The property was for sale this spring for 49k and now owned by the bank is being offered for the same price. I have seen some other properties of the same size (20 ac) in this area with a well (this one does not have a well) for that same price. So I am thinking that perhaps I can offer less as it does not have a well.

I also wonder about waiting a while too, as nothing here is moving at all and I would think that the longer it is on the market the more likely they would go down in price. I know that always risks someone else buying it, but we are going into winter and things move even slower in the cold.

Thanks again all,
Ruralnurse


----------



## bluetick (May 11, 2002)

A vacant unimproved 2 acre lot adjoining my place was for sale for $200,000 when I moved here two years ago. One of my neighbors bought it for $45,000 cash last spring. This is southern CA, and I think 45k was too much!


----------



## Ruralnurse (Jun 23, 2011)

Wow Bluetick, that is sure a big difference between asking and sale price! But I guess it is people that are observant and ready and know when to strike that get the good deals. 

I am excited to really get some property and keep looking.

Ruralnurse


----------



## DanielY (Aug 25, 2011)

You can get a list of property that is being offered as well as the properties that have sold in that area. With it just being land it makes it easier. Right now you may need a real estate person to interpret the list for you though. They can look very crazy with prices all over the place. For example 6 houses have sold since January within half a block of mine. 5 of them look like they sold for around 65k the 6th sold for 107k. this is because the 5 where short sales, repos etc and the bank took a hit on them. the 6th was a traditional sale that more accurately reflects the value of the houses here. still it makes it near impossible to sell our house for what it is worth when every other house on the black can be bought for 65k.
Anyway what you ant to ask an agent for is comps on ... tell him the area you are looking in and at what sort of property.


----------



## Freeholder (Jun 19, 2004)

You can get comps yourself by looking on Zillow, too -- probably the same information the realtor would look up for you.

Kathleen


----------



## Katskitten (Aug 5, 2010)

Here is another question. We found a property in an area that we could move to and it is owned by some sort of investment firm.Found this info through the county tax records. Price is right, comments say sold as is, so we have a friend looking at it later this week. We have tried to contact the realtors with no response. Would it be ethical to contact that company directly or have our bank contact them?


----------



## Dutchie (Mar 14, 2003)

BlueJuniperFarm said:


> You can get comps yourself by looking on Zillow, too -- probably the same information the realtor would look up for you.
> 
> Kathleen


Be careful. Zillow is extremely unreliable.


----------



## Dutchie (Mar 14, 2003)

Katskitten said:


> Here is another question. We found a property in an area that we could move to and it is owned by some sort of investment firm.Found this info through the county tax records. Price is right, comments say sold as is, so we have a friend looking at it later this week. We have tried to contact the realtors with no response. Would it be ethical to contact that company directly or have our bank contact them?

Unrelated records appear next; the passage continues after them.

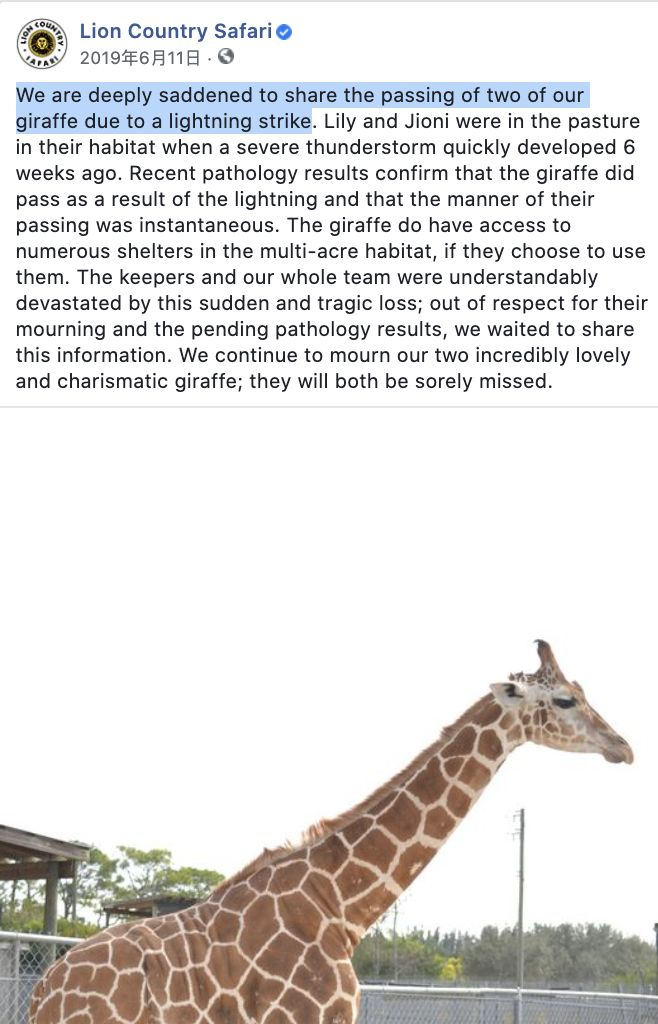 这不是人们第一次发现长颈鹿遭雷劈,2019年6月美国佛罗里达野生动物园遭雷击,其他动物都安然无恙,唯独两只长颈鹿不幸遇难。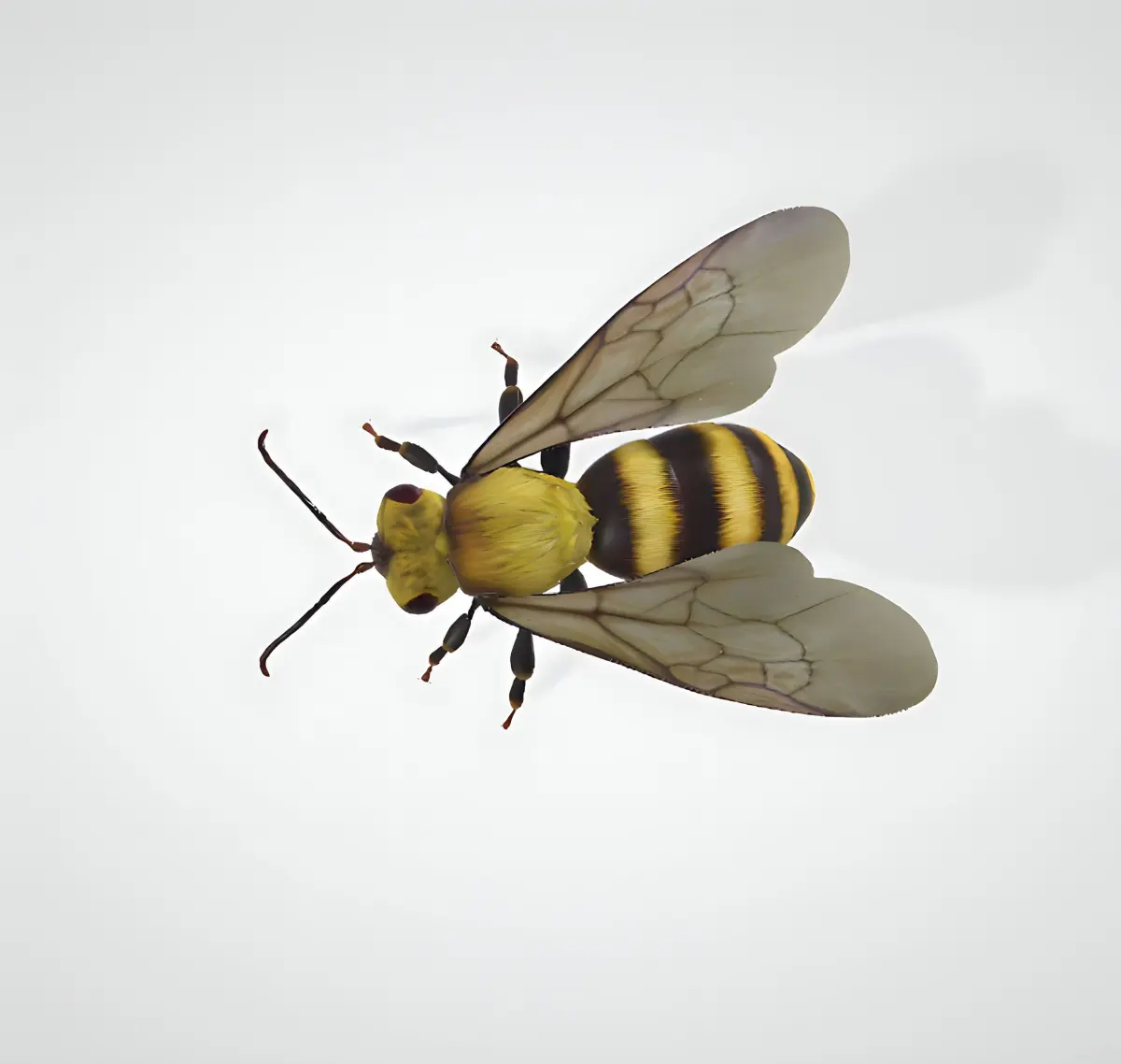 From the delicate translucency of its wings to the microscopic fuzz on its body, every facet of this 3D bee is designed to evoke a sense of awe and wonder. The hyperrealistic approach extends to the subtle reflections on its eyes and the precision of its intricate legs, showcasing the dedication to authenticity in the modeling process.
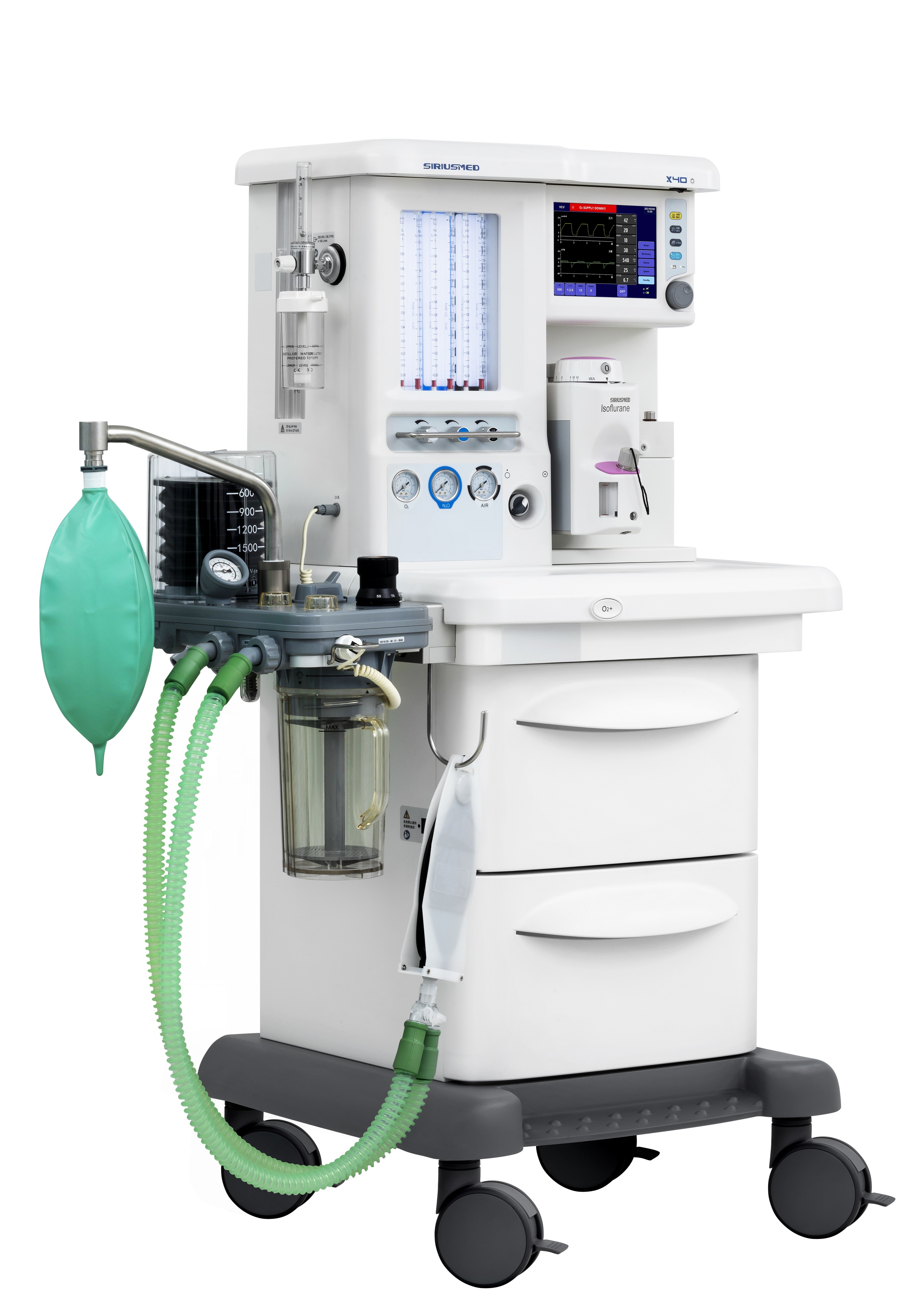 独特な設計されていた可変的な開口部の流れセンサー8.4"作動すること容易なタッチ画面制御を用いるTFT LCD潮容積の設定:50 | 1500ml (任意20 | 1500ml)気学的に運転される電子的に制御された、作り付け電池多波形の表示:P-T、F-T、V-Tの肺機械工のループ正確な電子のぞき見弁O2港が付いている補助流量計統合された二酸化炭素の吸収物cir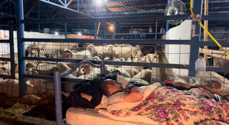 Hayvanları için yaptıkları bölmelerde kurbanlıklarla birlikte uyuyan celepler, ahırlarda yemek yiyor ve dinleniyor. Ahırlarda battaniyeye sarılıp yatan satıcılar, piknik tüplerinde yemek ve çaylarını yaparak karınlarını doyuruyor.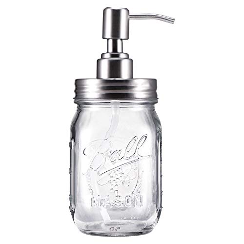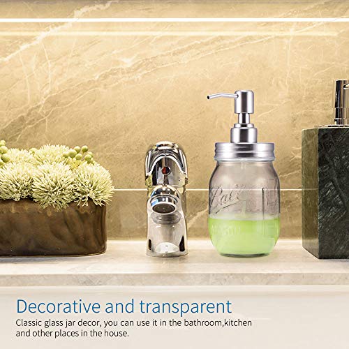 Ugello in acciaio inossidabile: Pompa in acciaio inox in acciaio inox rivestito per evitare di arrugginire, dispenser di sapone per barattolo, con ugelli e coperchi in acciaio inox, questo dispenser di sapone renderà la distribuzione molto facile e fornisce prestazioni di lunga durata.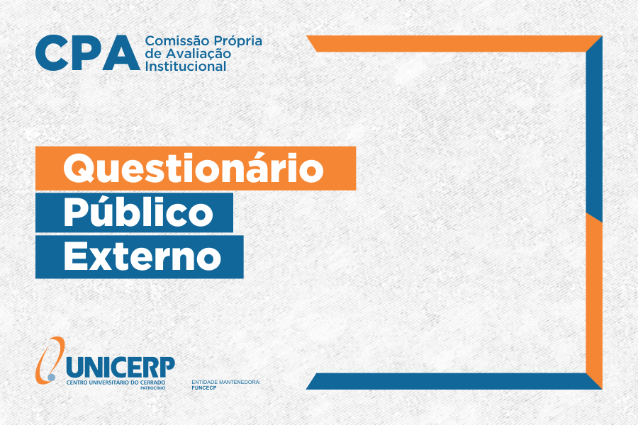 A sua opinião pode influenciar diretamente nos serviços, infraestrutura e melhorias de ensino do Centro Universitário do Cerrado Patrocínio – UNICERP, por isso a Comissão Própria de Avaliação (CPA) do UNICERP, disponibiliza esse ano esse questionário para o público externo avaliar a importância do Ensino Superior e a opinião que tem sobre o UNICERP.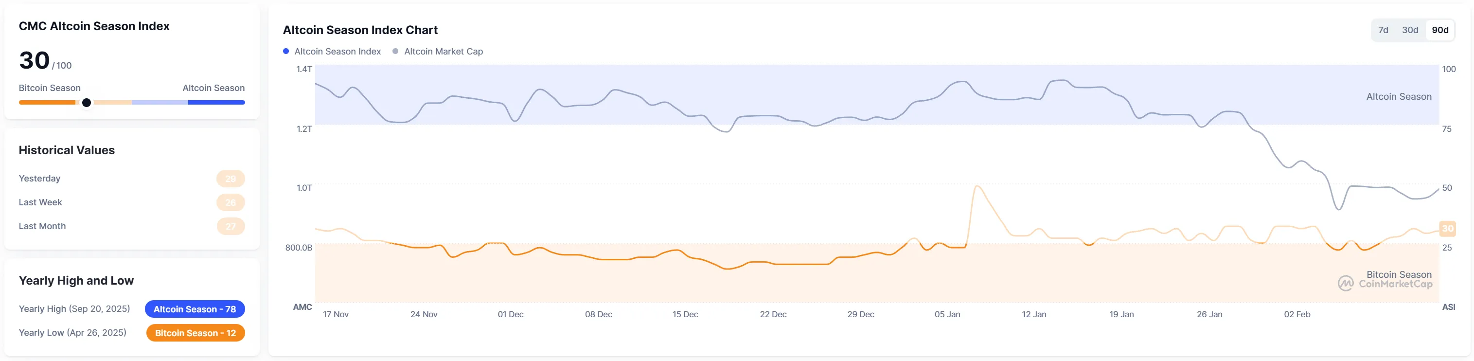 The Altcoin Season Index from crypto data provider CoinMarketCap has fallen three points from yesterday to 30. The index measures market sentiment by comparing the performance of the top 100 cryptocurrencies by market capitalization, excluding stablecoins and wrapped tokens, against Bitcoin over the past 90 days. An altcoin season is declared when 75% of these coins outperform Bitcoin during that period, with a reading closer to 100 indicating stronger altcoin performance. Conversely, a low score suggests a Bitcoin season.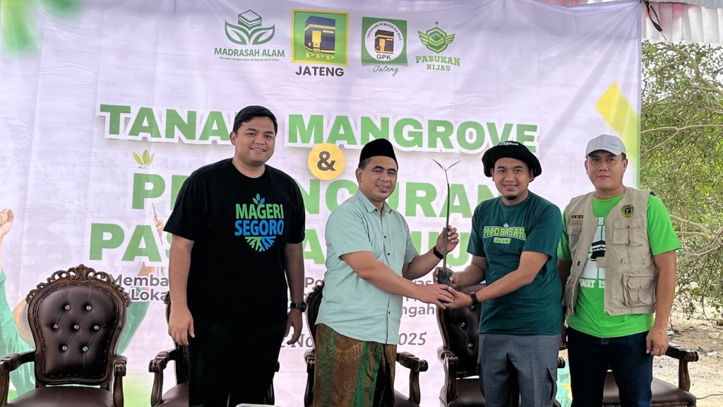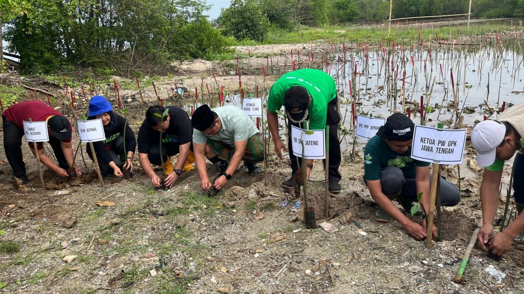 JEPARA – Pengurus Wilayah Gerakan Pemuda Ka’bah (GPK) Jawa Tengah menggelar penanaman mangrove sekaligus meluncurkan Pasukan Hijau di pesisir Desa Tanggul Tlare, Kecamatan Kedung, Kabupaten Jepara, Sabtu (22/11/2025) pagi. Kegiatan ini menjadi bagian dari upaya kolaboratif merawat kelestarian alam dan menjaga garis pantai utara Jawa dari ancaman abrasi.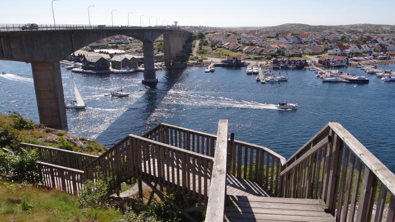 Smögen ist über eine hohe und 500 Meter lange Brücke, die Smögenbron, mit dem Festland verbunden. Auf der Festlandseite gibt es kurz vor der Brücke Rast- und Parkplätze für einen kurzen Stopp, so dass man anhalten und die beeindruckende Aussicht fotografieren kann. Der Besuch in Smögen mit dem Auto ist nicht billig. Das Parken in der Nähe der Smögenbryggan kostet tagsüber SEK 42/Stunde (Stand 2023, Smögenbryggans Parkering – keine Wohnmobile KW 28 – 32 und an Mittsommer).
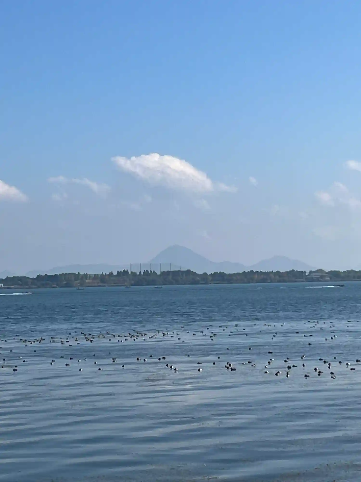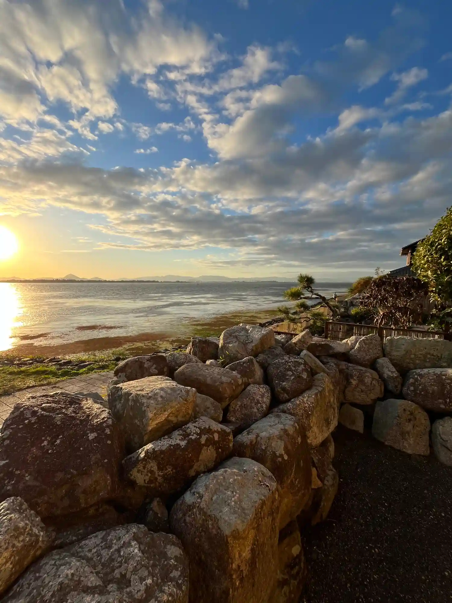 神社の裏は琵琶湖です!対岸の草津辺りかな。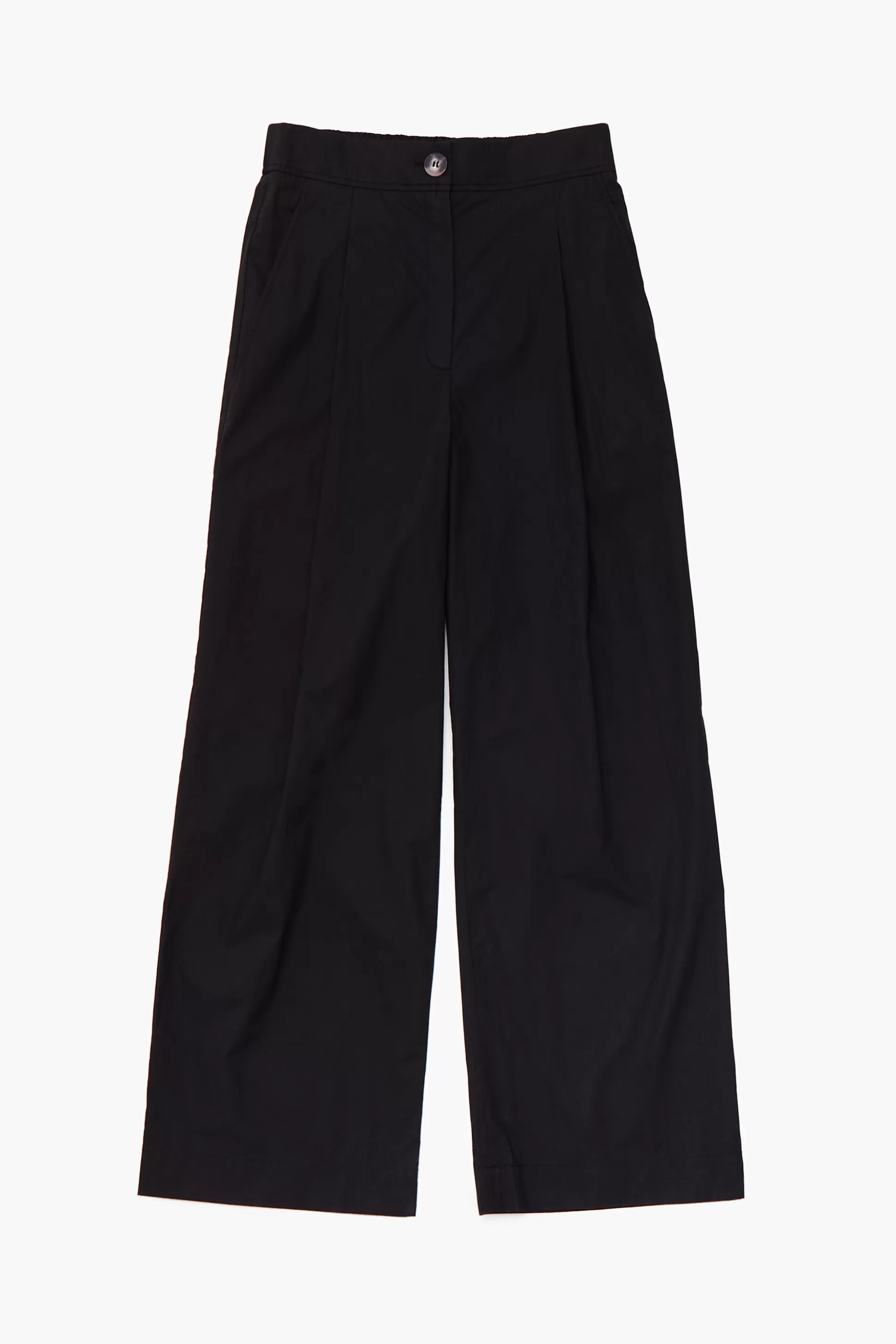 Calças Em Popelina De Algodao Em Cor Preta. Modelo De Corte Culotte, Comprimento Regular E Fecho-Eclair Frontal. Personalizado Com Pregas Frontais.

If you can't get the realtor to respond to you, go straight to the seller.


----------



## rickfrosty (Jun 19, 2008)

Katskitten said:


> Here is another question. We found a property in an area that we could move to and it is owned by some sort of investment firm.Found this info through the county tax records. Price is right, comments say sold as is, so we have a friend looking at it later this week. We have tried to contact the realtors with no response. Would it be ethical to contact that company directly or have our bank contact them?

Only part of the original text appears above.